Proving that $\sqrt{2}+\sqrt{3}$ is irrational [duplicate]
Solution 1:
$(\sqrt3+\sqrt2)(\sqrt3-\sqrt2)=3-2=1$ is rational, so if the first factor were rational, so would be the second, and their difference $2\sqrt2$. But surely you know that the latter isn't rational.
Solution 2:
Hint $\ \sqrt2 +\sqrt3 = r\in\Bbb Q\,\overset{\large\rm square}\Rightarrow\ 5+2\sqrt 6 = r^2 \,\Rightarrow\ \sqrt 6 = (r^2-5)/2 \in \Bbb Q,\,$ contradiction,
since $\,\sqrt{6} = a/b\,\Rightarrow\, 6b^2 = a^2\,$ has an odd number of $2$'s on the LHS, but an even number on RHS (by uniqueness of prime factorizations).
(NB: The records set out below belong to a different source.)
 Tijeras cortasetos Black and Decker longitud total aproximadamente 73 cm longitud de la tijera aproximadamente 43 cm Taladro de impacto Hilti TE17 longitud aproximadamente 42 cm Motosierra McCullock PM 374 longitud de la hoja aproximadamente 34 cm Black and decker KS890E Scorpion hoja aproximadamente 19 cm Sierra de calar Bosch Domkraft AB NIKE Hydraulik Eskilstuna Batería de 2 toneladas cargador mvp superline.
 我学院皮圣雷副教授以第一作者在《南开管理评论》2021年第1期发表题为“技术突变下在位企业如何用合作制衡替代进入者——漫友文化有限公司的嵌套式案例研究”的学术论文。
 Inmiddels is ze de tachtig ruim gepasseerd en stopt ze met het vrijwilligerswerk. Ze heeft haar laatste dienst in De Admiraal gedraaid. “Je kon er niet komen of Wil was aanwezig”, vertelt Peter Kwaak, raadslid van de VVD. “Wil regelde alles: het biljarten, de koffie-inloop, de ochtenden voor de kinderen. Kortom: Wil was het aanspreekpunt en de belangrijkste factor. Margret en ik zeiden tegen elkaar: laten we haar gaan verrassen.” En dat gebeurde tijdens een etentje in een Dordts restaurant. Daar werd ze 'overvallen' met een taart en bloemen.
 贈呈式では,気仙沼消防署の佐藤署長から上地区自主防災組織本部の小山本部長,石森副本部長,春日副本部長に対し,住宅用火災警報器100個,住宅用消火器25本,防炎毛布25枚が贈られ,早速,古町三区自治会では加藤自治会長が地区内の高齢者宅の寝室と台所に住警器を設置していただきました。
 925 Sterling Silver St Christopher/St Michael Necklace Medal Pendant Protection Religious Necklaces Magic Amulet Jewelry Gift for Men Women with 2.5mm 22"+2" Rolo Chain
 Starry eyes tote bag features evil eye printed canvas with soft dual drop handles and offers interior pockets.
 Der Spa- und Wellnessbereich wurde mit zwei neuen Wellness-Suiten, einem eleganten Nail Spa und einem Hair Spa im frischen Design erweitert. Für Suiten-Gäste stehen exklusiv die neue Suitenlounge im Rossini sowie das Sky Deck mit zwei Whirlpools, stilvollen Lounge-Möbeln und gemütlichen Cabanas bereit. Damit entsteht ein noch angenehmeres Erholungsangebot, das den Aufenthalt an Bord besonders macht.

There are also many other ways, e.g. using the Rational Root Test on its minimal polynomial, or using Bezout, etc see prior posts here.
Solution 3:
Let $x=\sqrt2+\sqrt3$. Then this is a solution to the equation $0=x^4-10x^2+1$. By rational root theorem, this equation has no rational solution. Therefore, $x$ must be irrational.